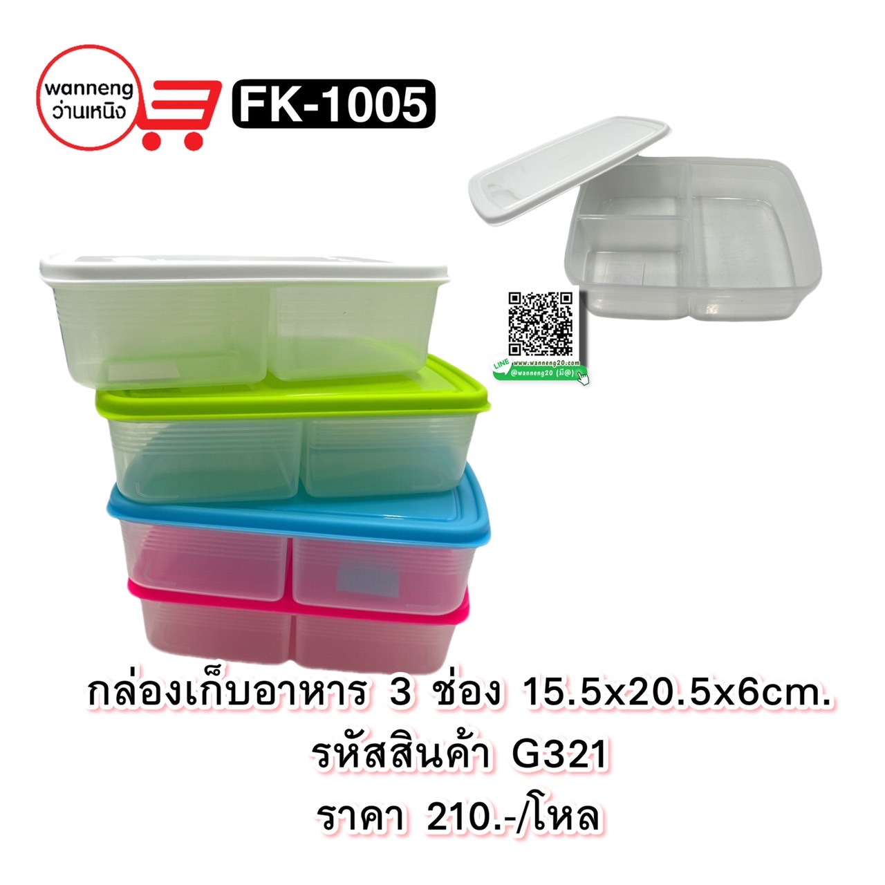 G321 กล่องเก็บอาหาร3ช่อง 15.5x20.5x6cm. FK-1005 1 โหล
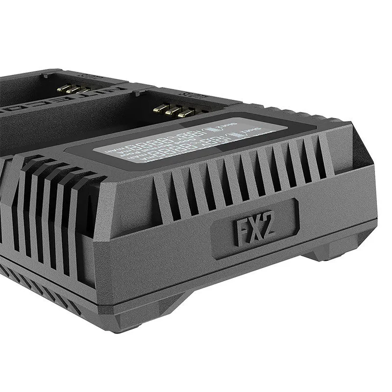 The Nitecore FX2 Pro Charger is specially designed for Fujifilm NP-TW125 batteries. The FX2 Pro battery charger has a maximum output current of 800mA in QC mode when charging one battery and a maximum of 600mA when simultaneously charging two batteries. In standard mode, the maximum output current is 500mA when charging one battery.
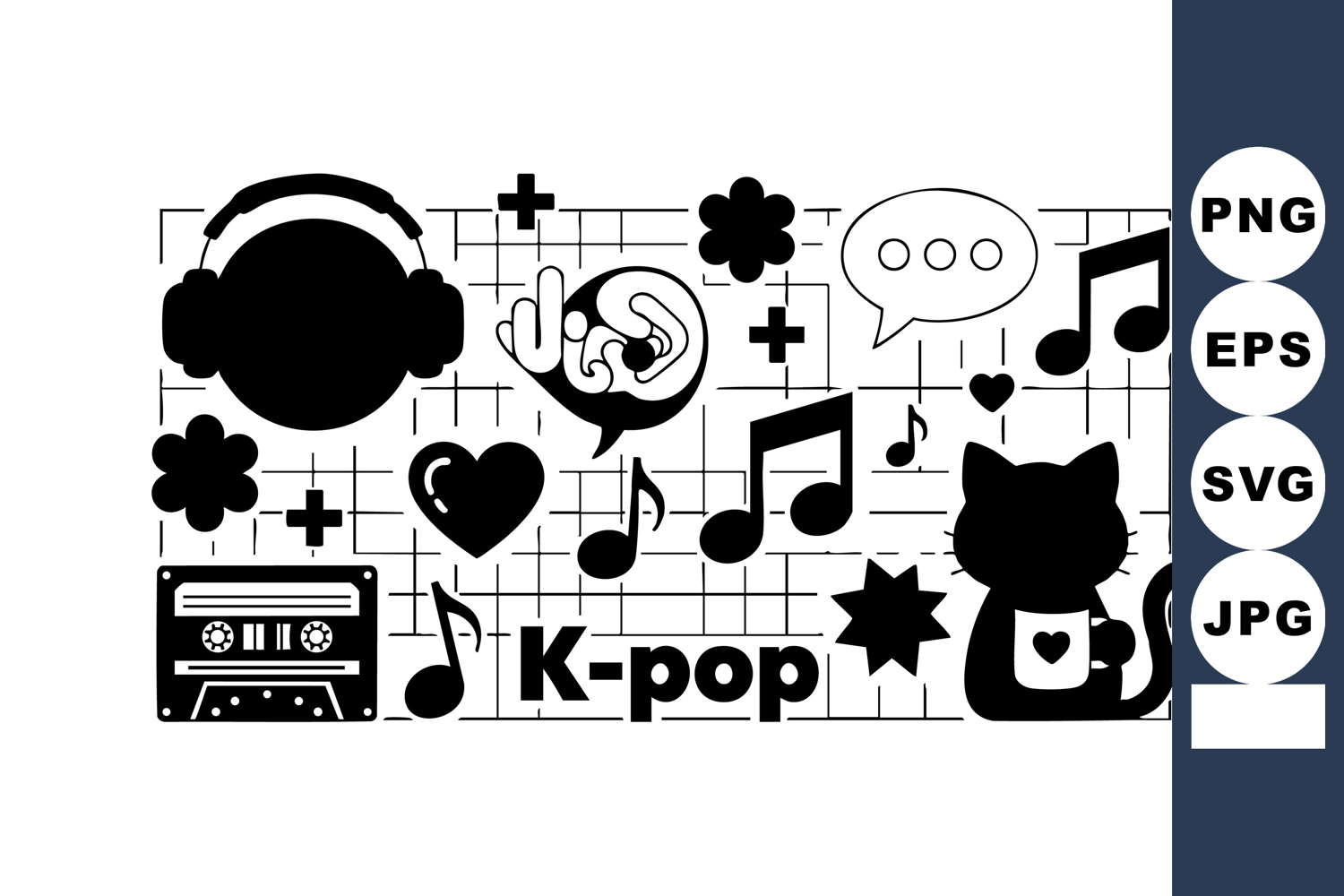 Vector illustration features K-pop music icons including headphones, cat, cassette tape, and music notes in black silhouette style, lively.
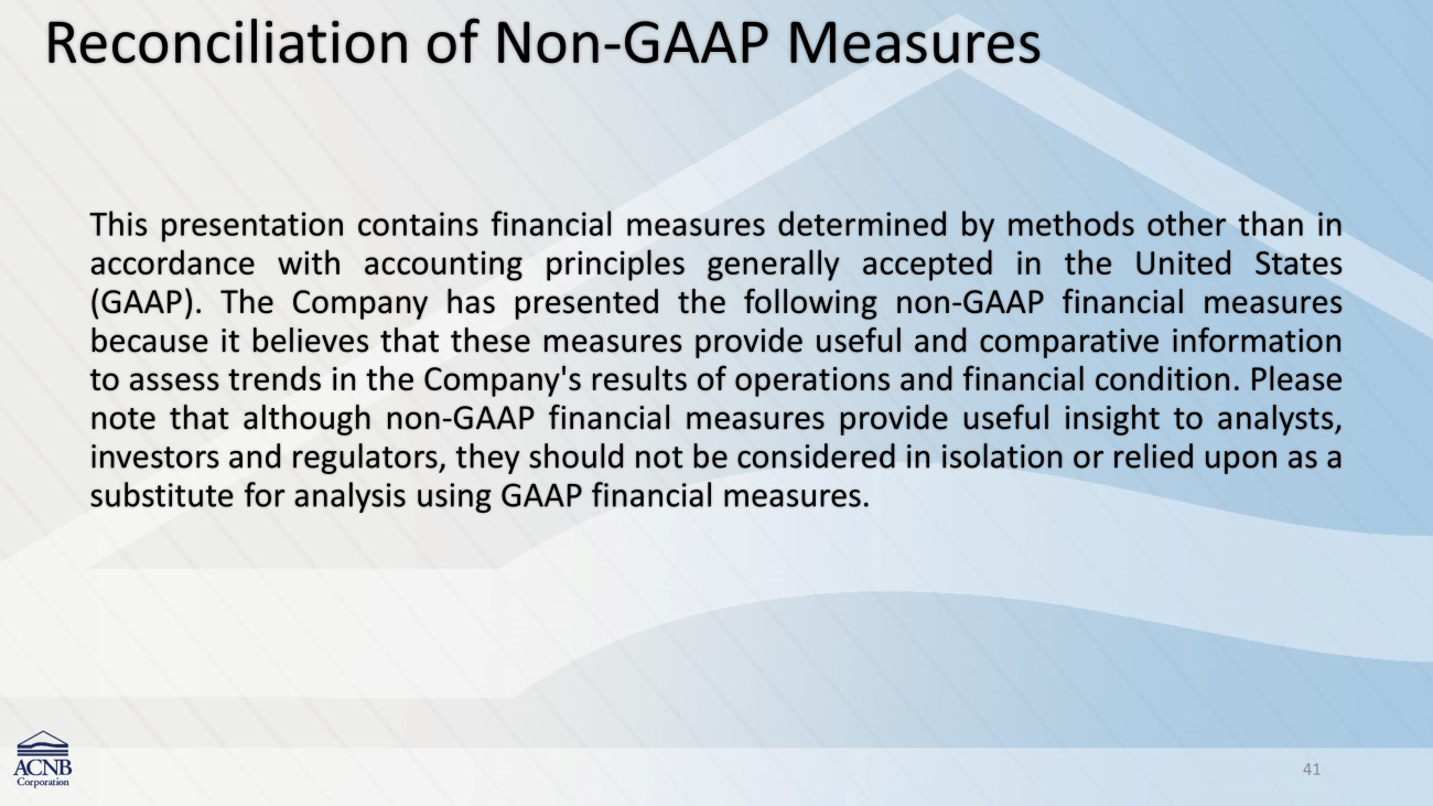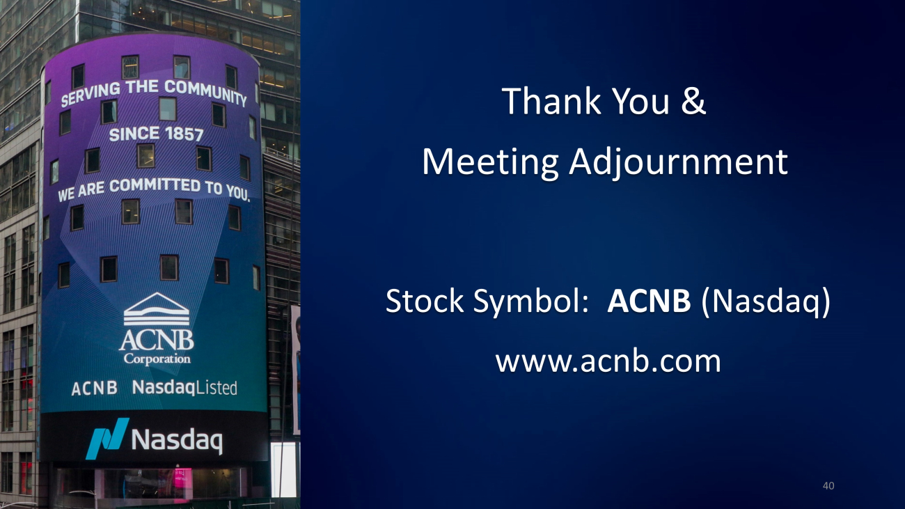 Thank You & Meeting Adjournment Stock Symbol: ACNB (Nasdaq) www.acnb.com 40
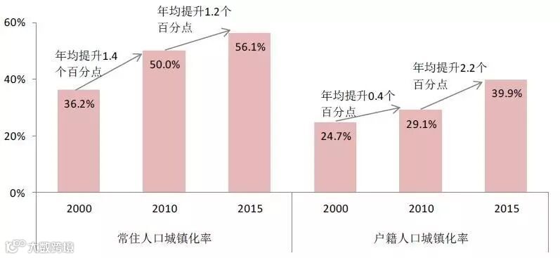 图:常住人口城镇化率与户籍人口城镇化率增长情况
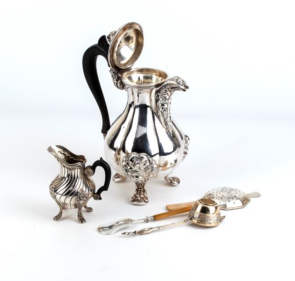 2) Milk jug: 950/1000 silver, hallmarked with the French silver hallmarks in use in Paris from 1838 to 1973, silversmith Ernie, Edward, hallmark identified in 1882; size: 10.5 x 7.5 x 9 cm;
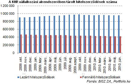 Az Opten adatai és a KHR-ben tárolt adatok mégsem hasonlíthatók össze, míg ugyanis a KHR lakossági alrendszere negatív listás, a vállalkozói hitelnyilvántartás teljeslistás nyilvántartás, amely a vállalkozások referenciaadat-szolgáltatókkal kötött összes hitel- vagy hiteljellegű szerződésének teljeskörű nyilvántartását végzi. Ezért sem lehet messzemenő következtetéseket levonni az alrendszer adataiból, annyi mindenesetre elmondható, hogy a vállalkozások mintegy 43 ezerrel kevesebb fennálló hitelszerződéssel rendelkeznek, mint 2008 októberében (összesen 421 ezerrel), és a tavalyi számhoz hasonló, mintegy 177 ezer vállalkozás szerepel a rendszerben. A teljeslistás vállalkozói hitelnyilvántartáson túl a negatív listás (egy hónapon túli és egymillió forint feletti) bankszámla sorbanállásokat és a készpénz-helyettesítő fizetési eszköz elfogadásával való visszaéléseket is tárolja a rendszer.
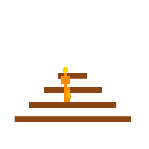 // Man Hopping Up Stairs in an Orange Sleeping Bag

> What you are asked to do
Write out exactly the lines from the one that contains "Az Opten adatai" through the last line of the data above, both included. Leave every picture out.

> Answer area
 Az Opten adatai és a KHR-ben tárolt adatok mégsem hasonlíthatók össze, míg ugyanis a KHR lakossági alrendszere negatív listás, a vállalkozói hitelnyilvántartás teljeslistás nyilvántartás, amely a vállalkozások referenciaadat-szolgáltatókkal kötött összes hitel- vagy hiteljellegű szerződésének teljeskörű nyilvántartását végzi. Ezért sem lehet messzemenő következtetéseket levonni az alrendszer adataiból, annyi mindenesetre elmondható, hogy a vállalkozások mintegy 43 ezerrel kevesebb fennálló hitelszerződéssel rendelkeznek, mint 2008 októberében (összesen 421 ezerrel), és a tavalyi számhoz hasonló, mintegy 177 ezer vállalkozás szerepel a rendszerben. A teljeslistás vállalkozói hitelnyilvántartáson túl a negatív listás (egy hónapon túli és egymillió forint feletti) bankszámla sorbanállásokat és a készpénz-helyettesítő fizetési eszköz elfogadásával való visszaéléseket is tárolja a rendszer.
 // Man Hopping Up Stairs in an Orange Sleeping Bag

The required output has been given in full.